Begin your copy at the line with "Now let us download" in the records below and end it at the line with "Джемпер из трикотажа.", restating each line word for word; omit the pictures.

[Entries supplied]:
== Segment start ==

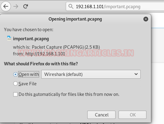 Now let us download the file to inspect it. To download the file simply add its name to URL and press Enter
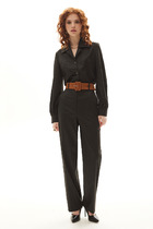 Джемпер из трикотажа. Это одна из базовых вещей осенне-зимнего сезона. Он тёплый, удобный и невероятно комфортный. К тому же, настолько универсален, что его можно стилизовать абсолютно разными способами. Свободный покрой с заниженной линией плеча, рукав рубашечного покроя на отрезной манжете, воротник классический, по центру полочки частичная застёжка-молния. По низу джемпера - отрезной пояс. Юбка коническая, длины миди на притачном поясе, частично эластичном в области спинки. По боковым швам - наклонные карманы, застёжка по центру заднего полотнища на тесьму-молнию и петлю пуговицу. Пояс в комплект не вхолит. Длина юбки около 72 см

== Segment end ==
== Segment start ==

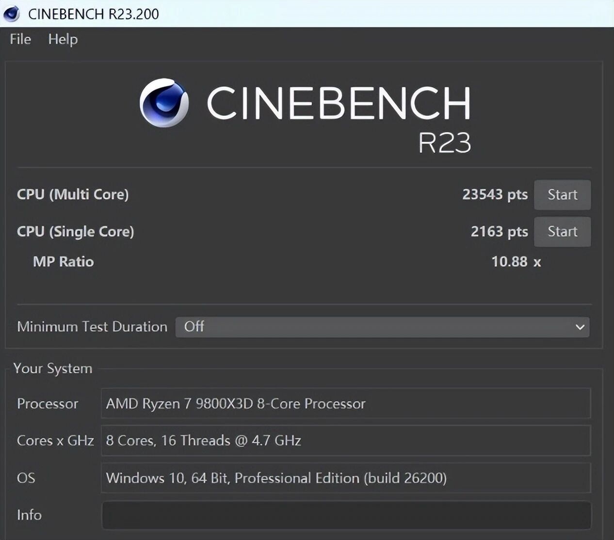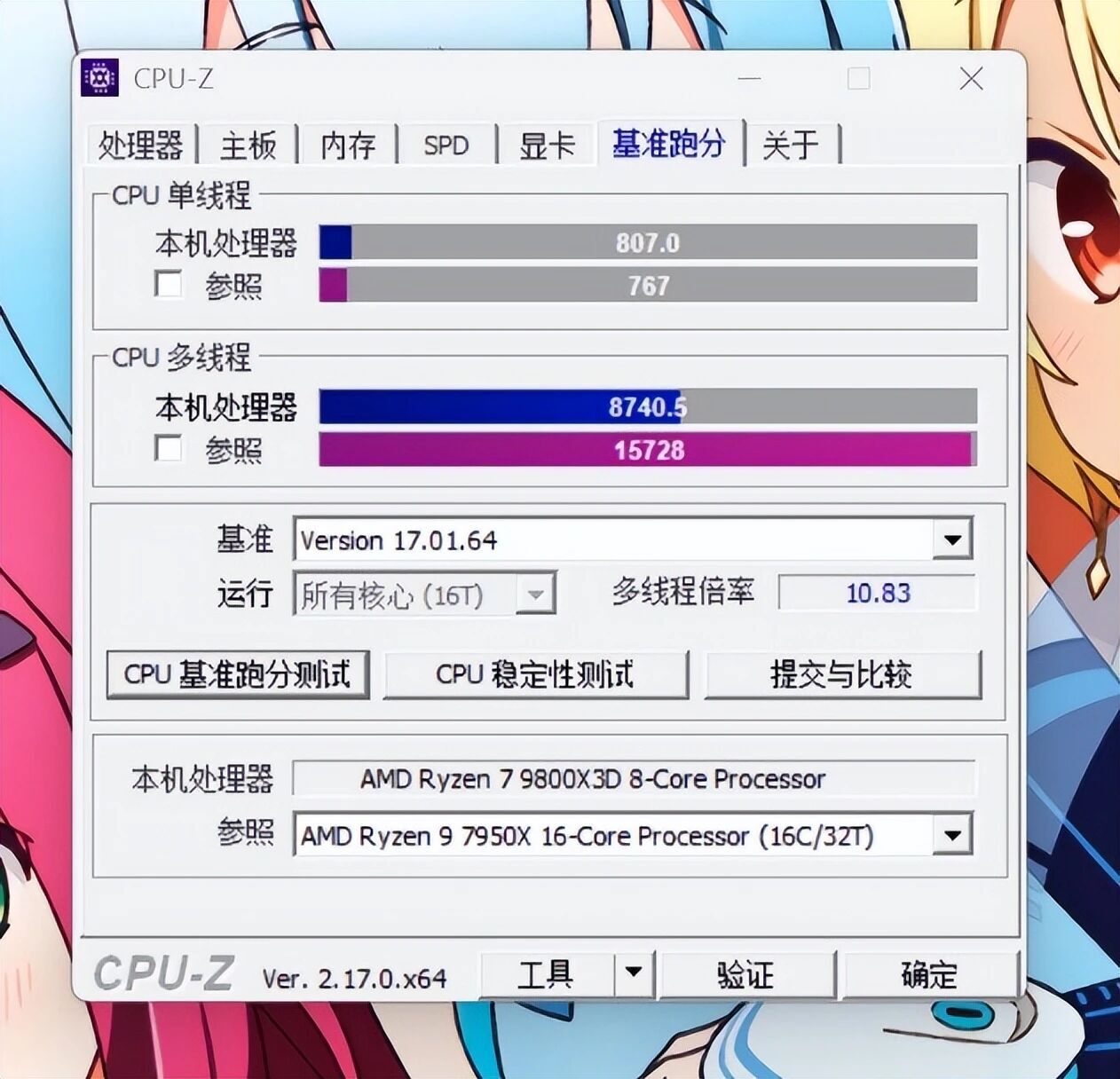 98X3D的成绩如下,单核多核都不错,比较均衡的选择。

== Segment end ==
== Segment start ==

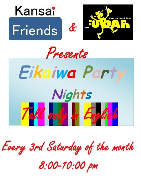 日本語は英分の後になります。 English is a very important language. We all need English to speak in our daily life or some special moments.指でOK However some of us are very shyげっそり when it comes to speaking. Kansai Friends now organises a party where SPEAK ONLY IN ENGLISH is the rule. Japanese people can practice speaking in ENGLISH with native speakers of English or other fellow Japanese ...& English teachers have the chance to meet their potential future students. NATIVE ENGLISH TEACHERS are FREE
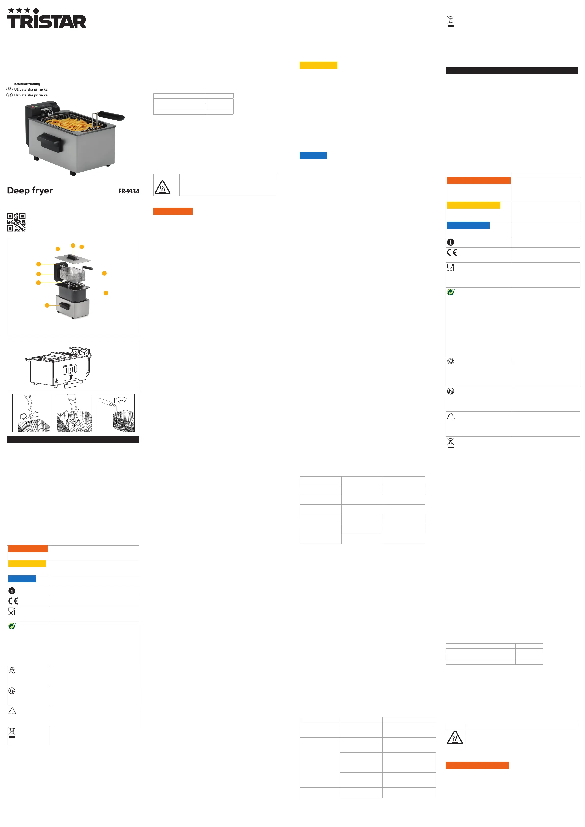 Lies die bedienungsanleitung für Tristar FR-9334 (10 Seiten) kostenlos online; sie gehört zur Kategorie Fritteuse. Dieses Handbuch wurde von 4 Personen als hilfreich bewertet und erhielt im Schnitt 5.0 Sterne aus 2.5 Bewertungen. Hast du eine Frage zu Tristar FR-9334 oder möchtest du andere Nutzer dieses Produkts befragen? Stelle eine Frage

== Segment end ==

[Exercise solution]:
 Now let us download the file to inspect it. To download the file simply add its name to URL and press Enter
 Джемпер из трикотажа. Это одна из базовых вещей осенне-зимнего сезона. Он тёплый, удобный и невероятно комфортный. К тому же, настолько универсален, что его можно стилизовать абсолютно разными способами. Свободный покрой с заниженной линией плеча, рукав рубашечного покроя на отрезной манжете, воротник классический, по центру полочки частичная застёжка-молния. По низу джемпера - отрезной пояс. Юбка коническая, длины миди на притачном поясе, частично эластичном в области спинки. По боковым швам - наклонные карманы, застёжка по центру заднего полотнища на тесьму-молнию и петлю пуговицу. Пояс в комплект не вхолит. Длина юбки около 72 см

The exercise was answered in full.